Figure 1. Potential sites of modulation of synaptic transmission by DA.

DA may affect P_release by modulating axon terminal excitability (a), Ca²⁺ influx (b) or vesicular release machinery (c). This can occur directly, through activation of presynaptic DA receptors, or indirectly, following the recruitment of postsynaptic DA receptors and liberation of retrograde signaling molecules (d). Postsynaptic DA receptors may influence neurotransmitter detection by modulating the membrane insertion (e), synaptic recruitment (f) or properties (g) of neurotransmitter receptors. In addition, DA alters synaptic integration and the excitability of pre- and postsynaptic membranes by modulating ion channels that control resting potential, Ca²⁺ influx, and action potential threshold and waveform (h).

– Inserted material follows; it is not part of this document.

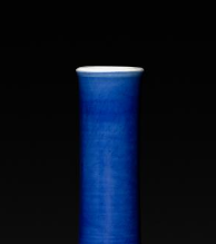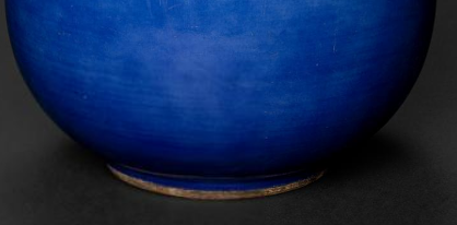 本品规格为43.8 厘米。瓶身整体造型修长优雅,颈部纤细修长,腹部圆润饱满,线条流畅自然,比例协调,尽显端庄大气之态。通体施霁蓝釉,釉色浓艳深沉、均匀纯净,如蓝宝石般璀璨夺目,釉面光滑润泽,质感细腻。简洁的造型与浓郁的霁蓝釉相互映衬,既展现出清代霁蓝釉瓷器工艺的精湛,又体现出典雅庄重的审美风格,是清代单色釉瓷器中颇具代表性的陈设佳品。

Our initial intent was to cover dopaminergic modulation of synaptic transmission at all central synapses. However, the available information could not reasonably be contained within the allotted space. Thus, we restricted our analysis to prefrontal cortex (PFC) and striatum, as they are the major targets of the largest group of DA neurons in the mammalian brain and perturbations of DA in these brain regions are implicated in the pathogenesis or exploited in the treatment of numerous neuropsychiatric diseases. No mention will be made of the important modulatory functions of DA in the retina, olfactory bulb, hypothalamus and neuroendocrine system, or of the autoregulatory effects of DA on its synthesis and release. In an attempt to further simplify and reduce this complex field, we limited our presentation to studies in which pharmacological, biochemical, or electrophysiological assays were used to specifically assign (to the extent possible) the regulatory targets of DA to each of the three synaptic transmission steps mentioned above. This largely precludes the discussion of in vivo studies or in vitro electrophysiological investigations that rely exclusively on field or whole-cell current-clamp recordings since effects on synaptic potentials can arise via the modulation of many pre- and postsynaptic targets. Finally, we narrowed our discussion to studies of rodents because they constitute the model of choice for the majority of in vitro electrophysiological studies and have significantly contributed to our understanding of DA signaling in recent years with the application of molecular, genetic and optogenetic techniques.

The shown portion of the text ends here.